What can go wrong on the human side? After all, as you can well imagine, when people put on this sensor cap hooked up to these cables, they just might feel like mice in a lab!

Erika: The eight microphones that Ali cited as an example correspond to only eight electrodes, and their job is to register the spectators’ cheers—that is, to measure the potential 300. Since our thoughts are constantly being distracted, this corresponds to the overlaid signal that’s difficult to precisely localize. But our device can do it! And that gives you an idea of what an extraordinary performance that it, measuring magnitudes that occur only in the microvolt range. Then this huge quality of data has to be forwarded and digitized, either directly via cable or with wireless technology. A computer model then decodes the mass of data and computes the differences in milliseconds. THAT’S what this high-performance technology can do!
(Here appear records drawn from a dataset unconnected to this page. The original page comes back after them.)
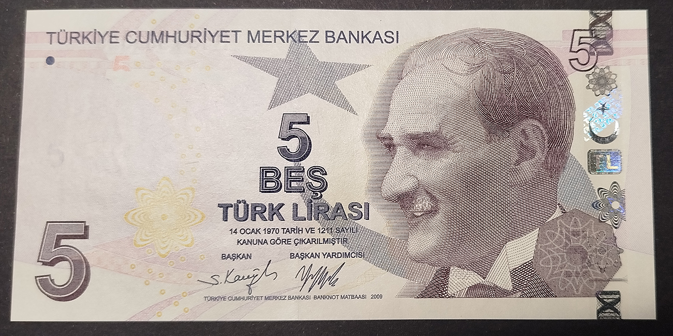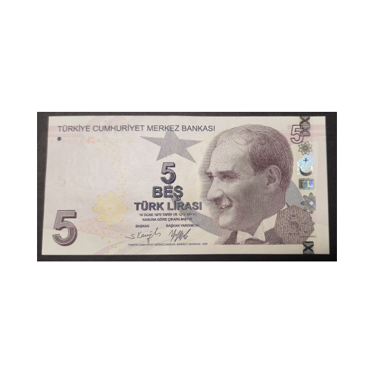 Billete de 5 liras turcas (2009) - sin circular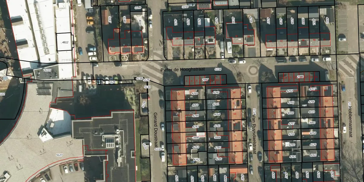Gebruik de zoekbalk of klik op een perceel voor informatie over de adressen binnen dit perceel.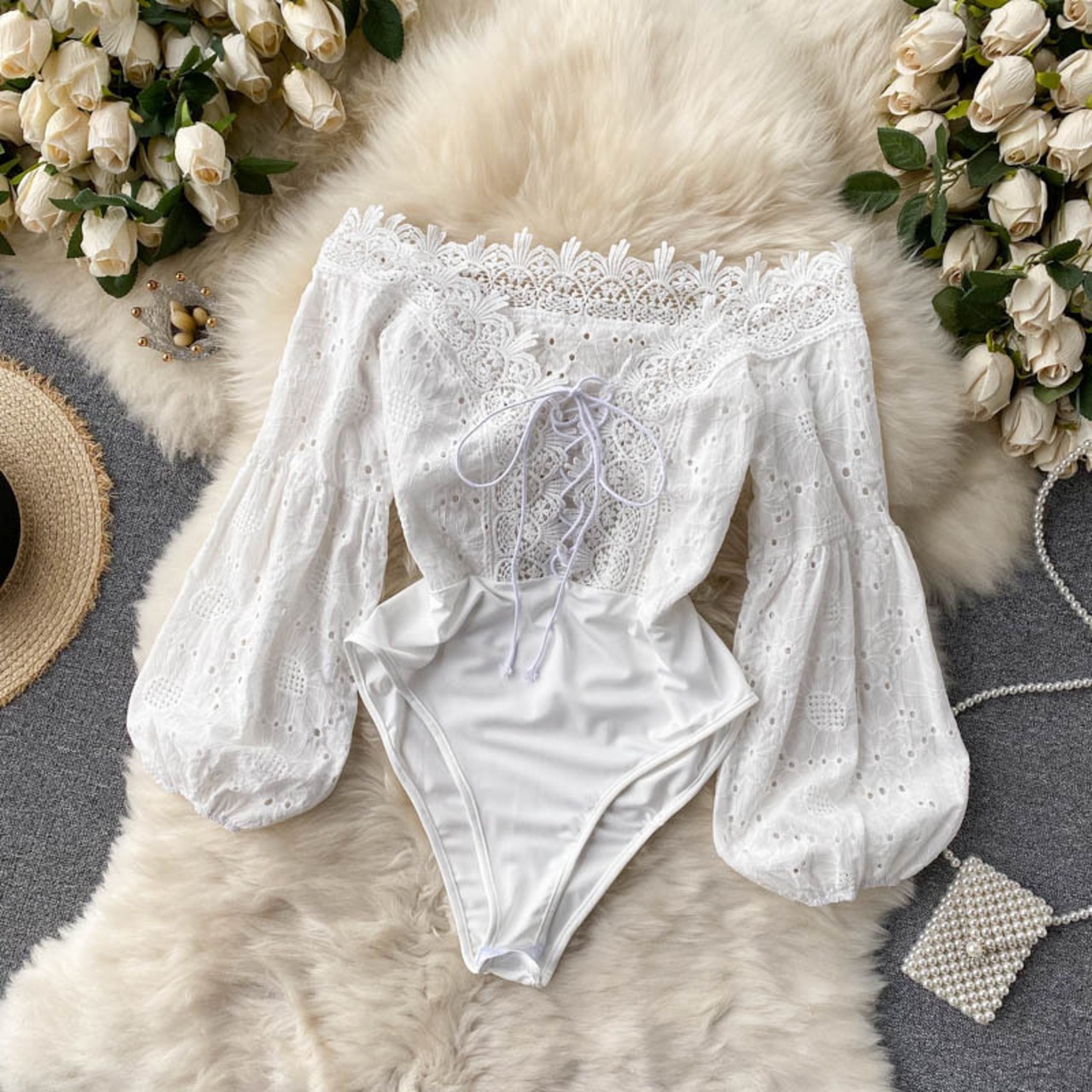 ヨーロッパとアメリカンスタイルの婦人服2021年の新しい春の服のデザインセンス中空パフスリーブセクシーなワンショルダーワンピースボディスーツ スプリング 春物 ヨーロピアン lyxaj95089035313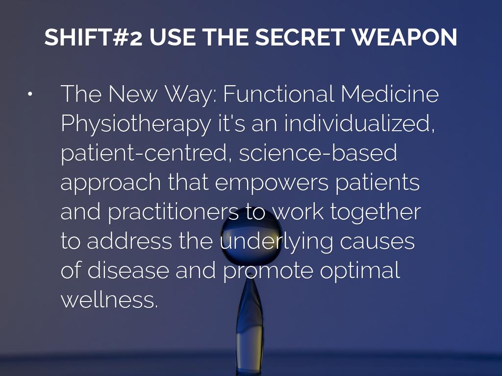 The New Way: Functional Medicine Physiotherapy it's an individualized, patient-centred, science-based approach that empowers patients and practitioners to work together to address the underlying causes of disease and promote optimal wellness.

To what extend did conventional software have to be reprogrammed for use in this project?

Ali: I had to teach the software to comprehend the specific commands—for instance, to move the machine’s digger arm in a certain direction. You can conceive of this as a matrix of symbols. The appearance of particular symbols causes a person to react mentally in various ways, to execute specific commands. But the translation has to function in such a way that the machine can receive or decode the command. This is like assigning values that are digitized, and, on the other end, they come out in such a way that a technology can read them and then issue the earthmover a command via electrical impulse. That’s how I would explain this to a layperson.

The exciting aspect of this project is the fact that we’re bringing together two worlds that, at first glance, are totally incompatible. On one end, we have the world’s most precise device, one that works in the microvolt range—namely, the human brain. And on the other end, we have motorized machinery that was built to exert massive power to move heavy objects. The artistic aspect of this project is the collision of two worlds that could hardly be more dissimilar!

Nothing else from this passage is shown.